7日、カザフスタンの空港で、平和維持部隊として派遣され、軍用機から降りるロシア軍兵士(ロイター)
7日、カザフスタンの空港で、平和維持部隊として派遣され、軍用機から降りるロシア軍兵士(ロイター)

【モスクワ=小野田雄一】中央アジアの旧ソ連構成国、カザフスタンで起きたデモで、ロシア主導の「集団安全保障条約機構」(CSTO)はカザフの要請に応じる形で平和維持部隊の派遣を決めた。同部隊が演習ではない実際の任務を遂行するのは初めて。旧ソ連圏の「盟主」を自任するロシアはカザフ情勢に介入し、デモによる政権転覆を阻止すると同時に、「裏庭」とみなす中央アジアで影響力を強める思惑だ。

CSTOはロシアとカザフ、ベラルーシ、タジキスタン、キルギス、アルメニアの6カ国からなる軍事同盟。当初の派遣は計2500人規模で、主体はロシア軍が担う。政府施設やインフラの保護を任務とし、デモの鎮圧には参加しない。派遣は情勢安定化までの一時的なものだとしている。

カザフのトカエフ大統領は5日夜、「外国で訓練されたテロ集団」が破壊工作をしていると主張し、CSTOに介入を要請。
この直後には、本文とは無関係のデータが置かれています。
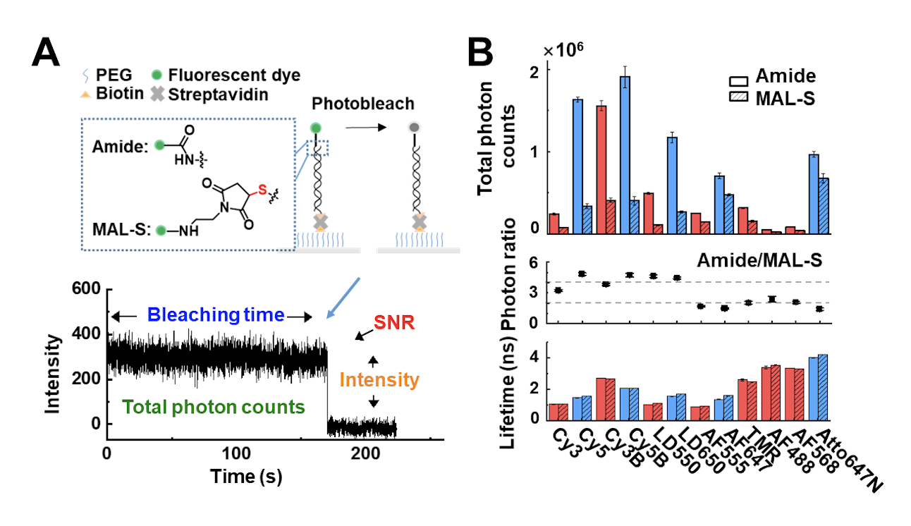 单分子荧光领域的研究者们发现通过MAL-巯基标记在蛋白上的荧光团的光漂白速度要比相同的标记在DNA上的荧光团显著加快。长期以来,人们将这一现象归于蛋白质上复杂的微环境加速了荧光团的光漂白。但八年前(2015年)陈春来课题组在实验中意外发现,即便是标记在相同序列DNA链上的相同荧光团分子,仅是NHS-氨基和MAL-巯基标记化学的差异,就会显著影响荧光团的光学特性和光漂白(图1)。进一步的测试发现,这一现象广泛存在于各类染料之中,无论母体是罗丹明类(Rhodamine)还是花青(Cyanine)类染料都会因MAL标记方式而造成约2-5倍不等的光稳定性下降(图1)。基于结果猜测,MAL标记形成的高活性的硫醚基团加速了染料的光漂白。
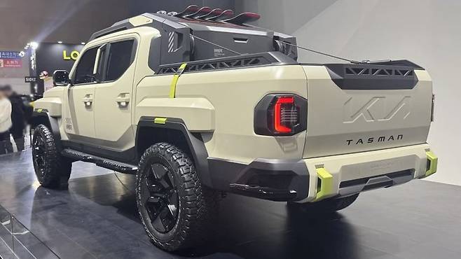 ‘타스만 위켄더(TASMAN WKNDER)’는 기본형 타스만의 형상과 성능을 바탕으로 강화된 오버랜딩 성능을 갖춘 아웃도어 특화 콘셉트 모델이다.
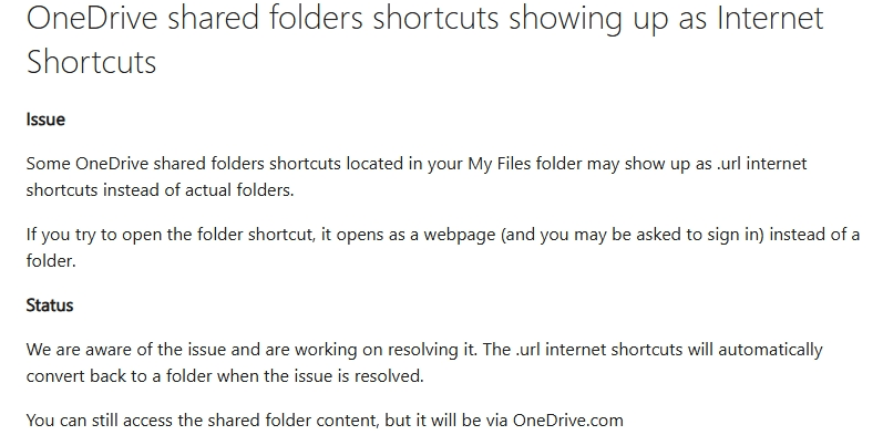 Пользователи на обеих платформах сообщили, что общие папки больше не отображаются в локальных каталогах OneDrive и вместо них появились файлы .url, указывающие на веб-интерфейс сервиса. Тогда Microsoft подтвердила наличие проблемы и заявила, что проводит её расследование.
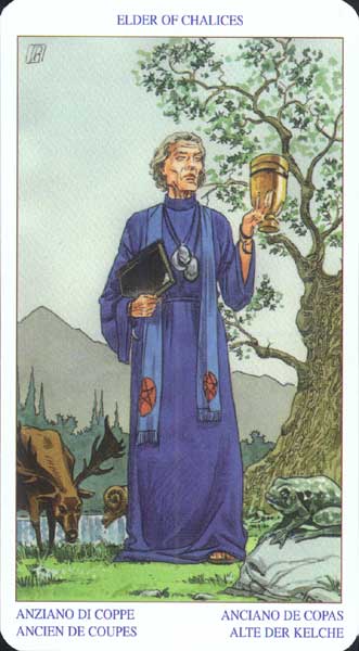 The King of Cups uses his intuition to achieve his ideals. Since Cups are turned inward, and Kings turned to the outside world, this card might be a difficult one, or it could be a powerful one.
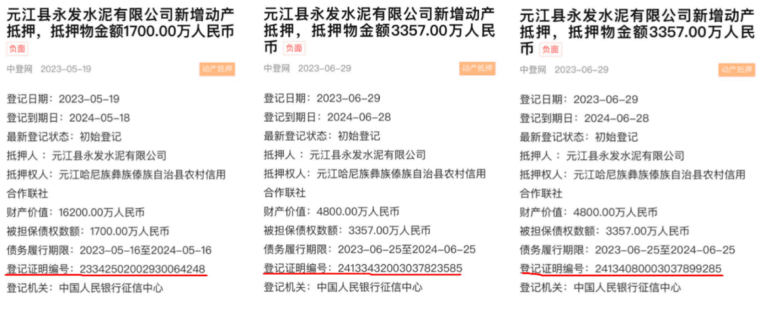 同時,低價傾銷并沒占到所謂“便宜”,在環(huán)保持續(xù)加壓、煤炭成本居高的當(dāng)下,永發(fā)水泥已經(jīng)出現(xiàn)資金捉襟見肘狀況,據(jù)公開信息,僅2023年,永發(fā)水泥動產(chǎn)抵押3次用來補充流動資金,抵押物總金額8400余萬元。
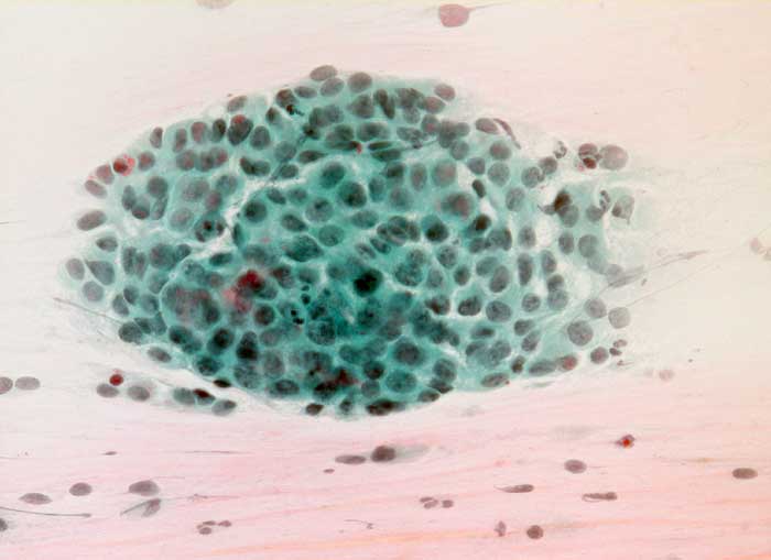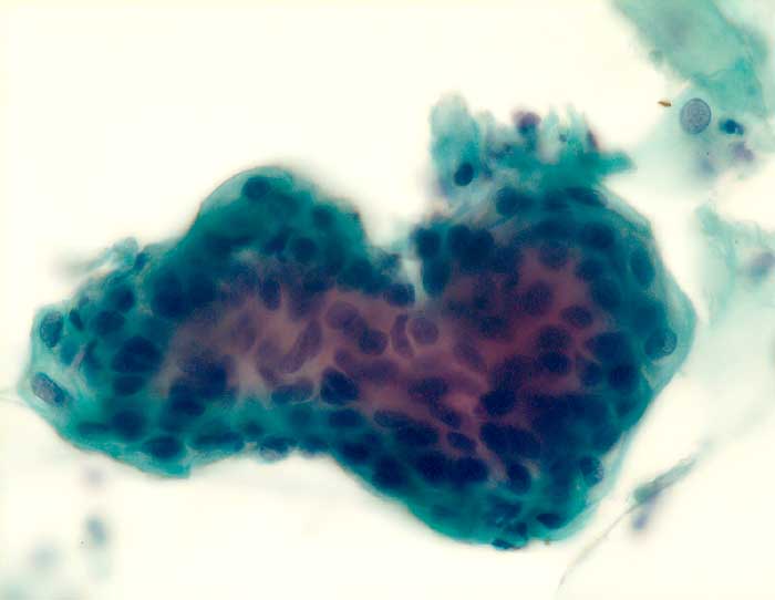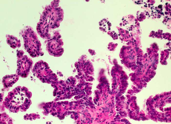 Die Zellkerne der serösen Adenokarzinome sind in den meisten Fällen hochgradig atypisch. Das Zellbild gleicht entsprechend demjenigen eines wenig differenzierten endometrioiden Adenokarzinoms. Da das seröse Karzinom anders als das endometrioide Karzinom nicht Folge eines Hyperöstrogenismus ist, zeigen die meist postmenopausalen Patientinnen keinen hohen Aufbau des Vaginalepithels im PC-Abstrich.

CSTOは数時間後に部隊派遣を発表した。6日には先遣部隊が活動を開始している。

ロシア外務省も6日の声明で、デモを「外国から触発された武力による国の安全と一体性を損なわせる試み」だと評価した。

今回注目されるのは、部隊派遣の迅速さだ。2010年のキルギス政変の際、CSTOはキルギス側が要請した部隊派遣を拒否。20年のベラルーシでの反政権デモや、アルメニアとアゼルバイジャン間の紛争に際しても、CSTO部隊の派遣には至らなかった。
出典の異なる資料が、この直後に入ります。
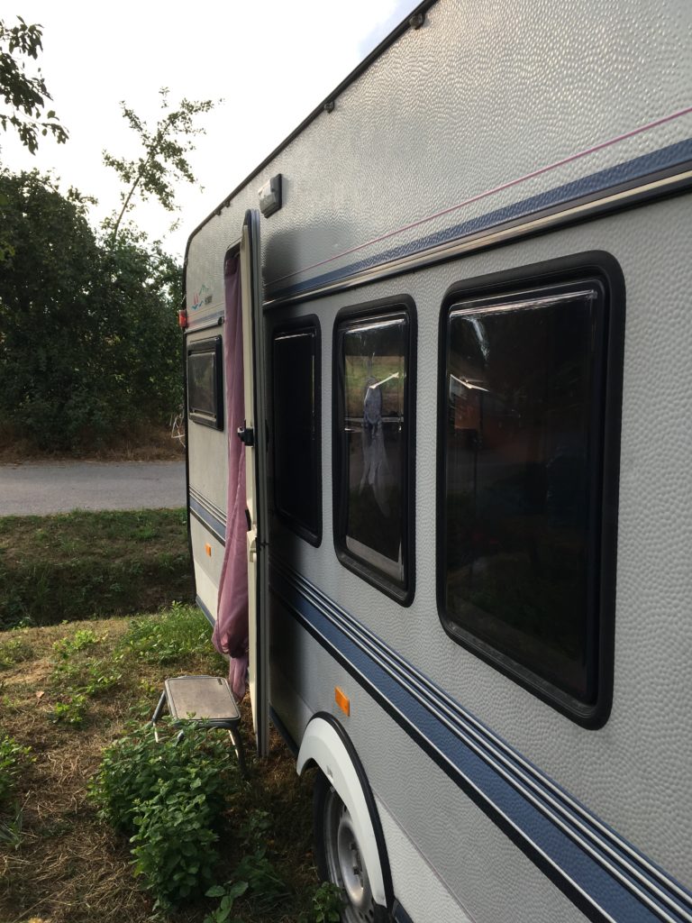 Der Wohnwagen steht auf dem Gelände der Academie, nicht weit vom Stall entfernt.
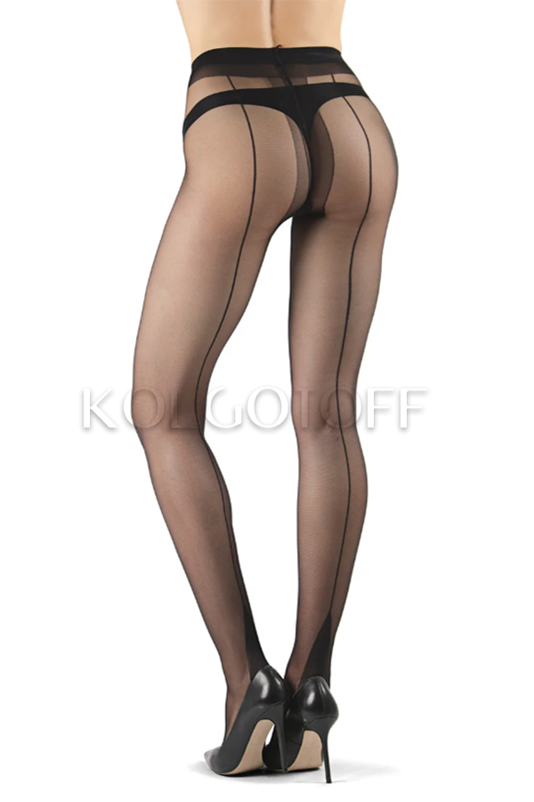 Вишукані, сексуальні колготки прикрашені елегантним швом ззаду, що переходить у візерунок "пірамідальна п'ята". Тонкі, матові. Без шортиків, з гігієнічною бавовняною ластівкою, плоскими швами та прозорими мисками.

今回の部隊派遣の背後には、プーチン露政権の複数の思惑があるとみられる。

第1は、勢力圏とみなす中央アジアの大国カザフで友好関係にある現政権がデモで崩壊し、親欧米政権が樹立される事態を防ぐことだ。燃料値上げに端を発した今回のデモが反政権デモに発展した背景には、長年の権威主義体制への不満がある。同様の不満は他の中央アジア諸国にも存在する。ロシアは、親露派政権がデモで倒された14年のウクライナ政変が中央アジアで再現され、ひいては自国内の反政権機運が刺激される事態を警戒している。

第2は、ロシアのプレゼンス(存在感)を旧ソ連圏に示すことだ。中央アジアでは近年、巨大経済圏構想「一帯一路」を進める中国や、民族や言語が近いトルコが影響力を拡大し、ロシアの地位は揺らいできた。CSTO部隊の受け入れにより、カザフでロシアの発言力が強まるのは確実だ。
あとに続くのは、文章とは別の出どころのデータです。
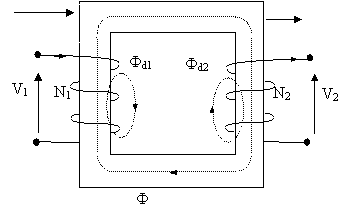 In figura è rappresentato lo schema costruttivo di un principio di un trasformatore in cui N1 ed N2 sono le spire degli avvolgimenti primario e secondario , è il flusso principale, Фd1 eФd2 sono i flussi di dispersione primario e secondario,V1 e V2 sono le tensioni primaria e secondaria.
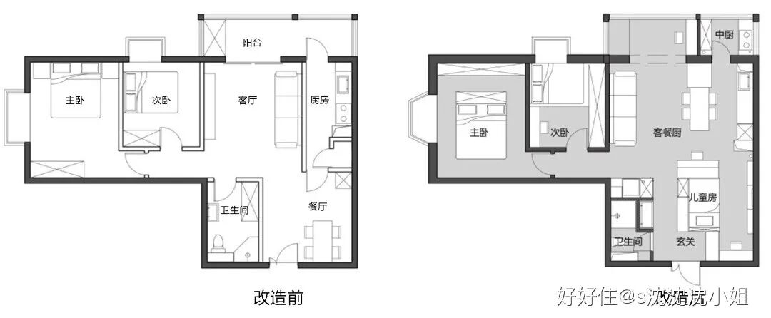改造的关键在于新增的儿童房放置在何处,经过多次比较后,入户门右手边是个合适的位置。
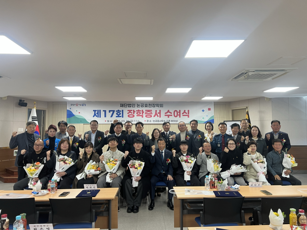 [경북도민방송=손중모기자] (재)논공효천장학회가 지역 학생들의 학업 지원에 나서며 인재 육성 기반을 다지고 있다.논공효천장학회는 지난 20일 논공읍 행정복지센터에서 장학회 임원과 장학생, 학부모 등 50여 명이 참석한 가운데 ‘제17회 장학증서 수여식’을 개최했다고22일 밝혔다.이날 수여식에서는 우수한 학업 성적과 성실한 품행을 갖춘 대학생 9명과 고등학생 2명 등 총 11명이 장학생으로 선발돼 장학증서와 함께 총 2천400여만 원의 장학금을 전달받았다.장학회는 앞서 지난 1~2월에도 지역 초·중학교 졸업생 6명에게 200여만 원을 지급하는 등 올해에만 총 17명의 학생에게 장학 혜택을 제공하며 지원 규모를 확대하고 있다.지역 기반 장학사업을 통해 학생들의 학업 지속을 돕고, 안정적인 성장 환경을 조성하는 데 의미를 두고 있다는 평가다.김무열 이사장은 “이번 장학금이 학생들이 꿈을 향해 나아가는 데 실질적인 힘이 되길 바란다”며 “앞으로도 지속적인 지원을 통해 논공 지역 학생들이 마음껏 역량을 펼칠 수 있도록 돕겠다”고 말했다.지역사회가 함께 만드는 장학 지원이 교육 기회 확대와 인재 선순환 구조 형성으로 이어질 수 있을지 주목된다.
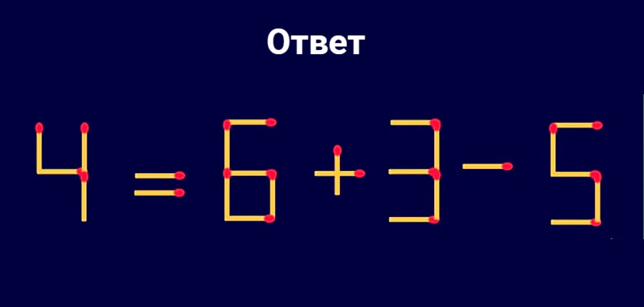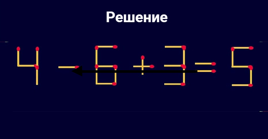 Если сможете менее чем за 25 секунд переложить 1 спичку в неверном равенстве 4-6+3=5, так чтобы оно стало правильным — вы подтвердите свое мастерство в умении решать сложные головоломки и не только. Скорее всего вы мастерски справляетесь со многими делами.
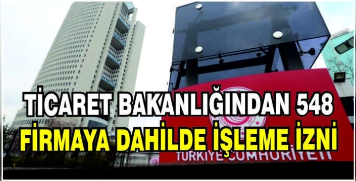 Buna göre, geçen ay 548 firmaya dahilde işleme izin belgesi, 19 firmaya yurt içi satış ve teslim belgesi ve 4 firmaya hariçte işleme izin belgesi verildi.

一方、介入のリスクを指摘する声もある。露紙「モスクワ・タイムズ」(電子版)は6日、「ジョージア(グルジア)やウクライナのように、旧ソ連諸国へのロシアの介入は親露国を急速に反露国に変えた。カザフでも(政権側を支援する)ロシアへの反感が強まる可能性がある」とするコルトゥノフ露国際問題評議会会長の見解を伝えた。

露外交評論家のバウノフ氏も自身のツイッターで「ロシアは今や、ウクライナとカザフという二正面に注意を割かざるを得なくなった」と書き込んだ。